SoFunction
Updated on 2024-10-29

Specific Use of NumPy Array Properties

I. Important ndarray object properties

causality clarification
The rank, i.e. the number of axes or the number of dimensions
The dimension of the array, for a matrix, n rows and m columns.
The total number of elements in the array, equivalent to the value of n*m in .shape.
The element type of the ndarray object
Size of each element in the ndarray object, in bytes
Memory information for ndarray objects
The real part of an ndarray element
The imaginary part of the ndarray element
The buffer containing the actual array elements.
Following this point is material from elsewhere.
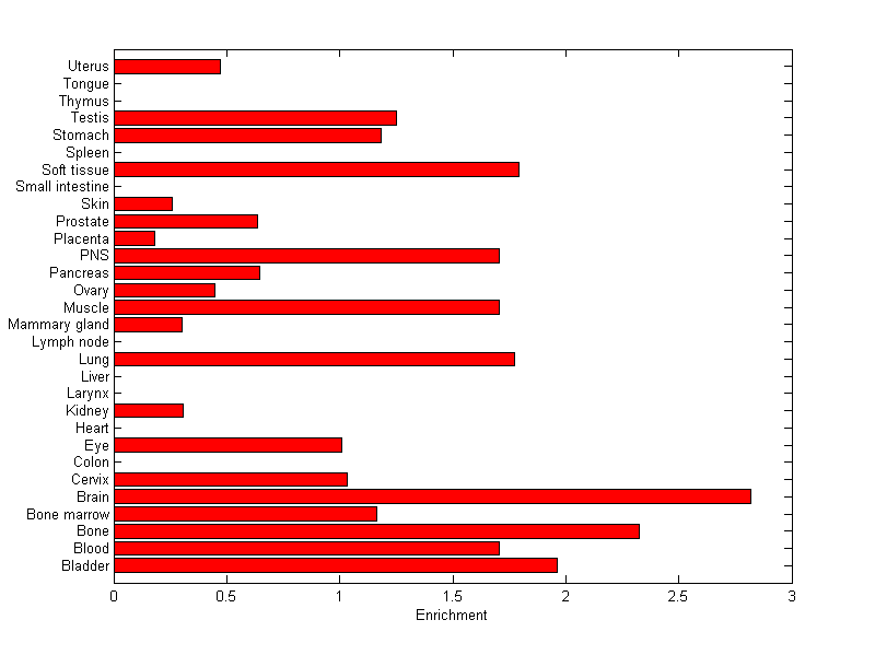 The expression level is normalized with tissue-library size. Each value for a gene in a tissue is a ratio of observed ESTs to the expected one in this tissue. The expected number of ESTs is the product of total ESTs of the gene and the fraction of total ESTs in the tissue among all ESTs in 30 tissues.

Since the elements are generally fetched by the index of the array, this property is usually not needed.

II. Code Demonstration

import numpy as np

# Create
data = ([[1, 2], [3, 4], [5, 6]])
print('data:', data)
# Rank
print('Rank:', )
# Dimension of the array
print('Dimension of the array:', )
# Total number of array elements
print('Total number of array elements:', )
# ndarray object element types
print('The element type of the ndarray object;', )
# size of each element in the ndarray object, in bytes
print('Size of each element:', )
# ndarray object memory information
print('Memory information:', )
# real part of ndarray element
print('Real part:', )
# The imaginary part of the ndarray element
print('Virtual Ministry:', )
# Buffer for the actual array elements (since elements are generally fetched via the index of the array, this attribute is usually not needed)
print('data:', )

data: [[1 2]
[3 4]
[5 6]]
Rank: 2
Dimension of the array: (3, 2)
Total number of array elements: 6
The element type of the ndarray object; int32
Size of each element: 4
Memory information: C_CONTIGUOUS : True
F_CONTIGUOUS : False
OWNDATA : True
WRITEABLE : True
ALIGNED : True
WRITEBACKIFCOPY : False
UPDATEIFCOPY : False

Substantive part: [[1 2]
[3 4]
[5 6]]
Imaginary part: [[0 0]
[0 0]
[0 0]]
data: <memory at 0x00000240173E4380>

This article on the specific use of NumPy array attributes is introduced to this article, more related to the content of NumPy array attributes, please search for my previous posts or continue to browse the following related articles I hope you will support me in the future more!